Who Made It Out — And Where They Ended Up
The finale’s epilogue is set to Billy Joel’s “Piano Man” and earns every second of it. M.M. remarries Monique and takes Ryan in as his own son. Kimiko adopts a rescue dog and moves to Marseille, France — the city where Frenchie grew up — finally finding some peace, a madeleine and some silence. Sage, having lost her genius-level IQ to Kimiko’s blast, declared she was going to Harry Potter World in Orlando. Sister Sage, going out on her own terms, sort of.
Hughie turned down an offer from newly-elected President Robert Singer to lead the Bureau of Supe Affairs. He and Annie are running Campbell Audio & Visual — a callback to the job he had when A-Train killed Robin in the very first episode. Annie is pregnant. They’re naming the baby Robin.
There’s no post-credits scene setting up a spinoff or teasing the upcoming Vought Rising prequel, which stars Jensen Ackles as Soldier Boy and is expected in 2027. Instead, the finale closes on behind-the-scenes photos of the cast and crew over the years, Flogging Molly playing underneath. It’s a goodbye to the people who made it, not a trailer for what comes next — and that restraint is exactly right.
Soldier Boy himself, last seen being put back on ice by Homelander in the penultimate episode, doesn’t appear in the finale at all. His fate remains technically unresolved, though Ackles told Entertainment Tonight that his journey in this universe is far from over: “It’s like saying goodbye to The Boys, but I’m also doing the prequel to it, so it’s like my journey hasn’t necessarily come to an end.”

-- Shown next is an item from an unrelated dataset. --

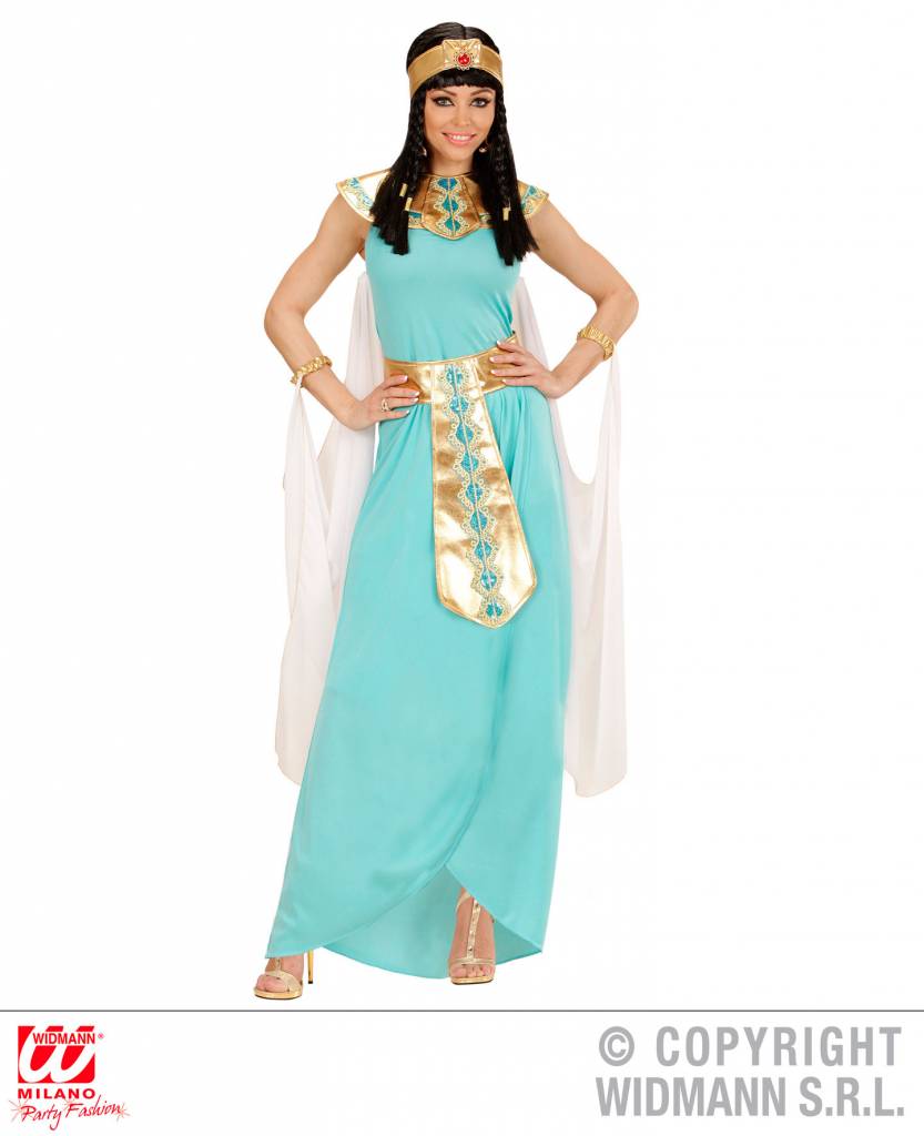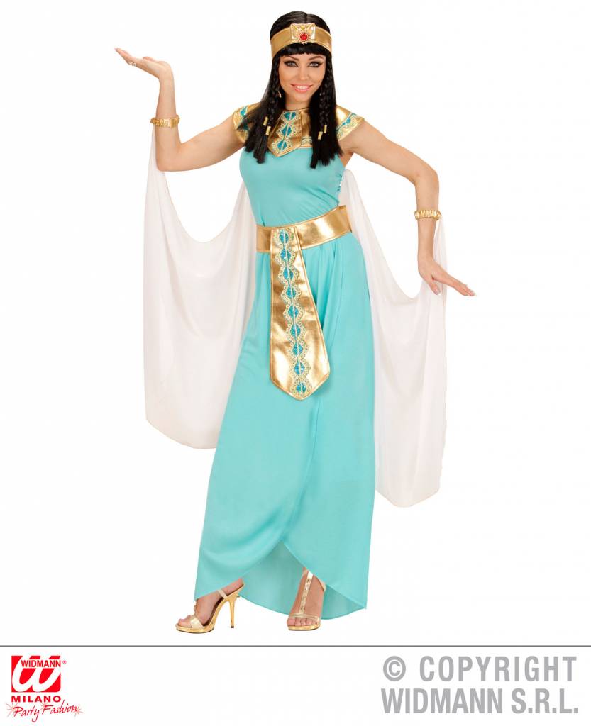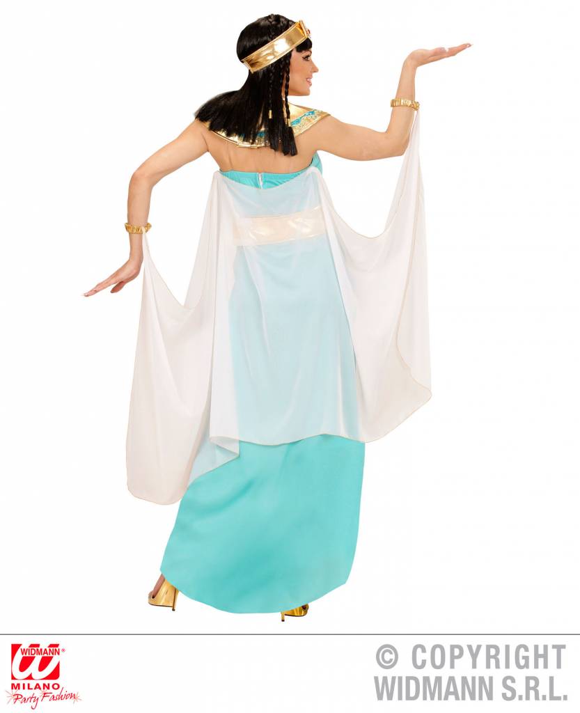 Elegante blauwe Egyptische godinnen jurkjes met cape voor dames zijn voor een prachtige verkleedpartij met carnaval.

As for the last image of The Boys itself: Annie flying off to answer a distress call, Hughie watching her from the sidewalk outside their store, smiling. Seven years of chaos, blood, and grief, and they still found their way back to each other. That’s the show’s final word — not nihilism, not a twist, just two people who survived something impossible, starting over.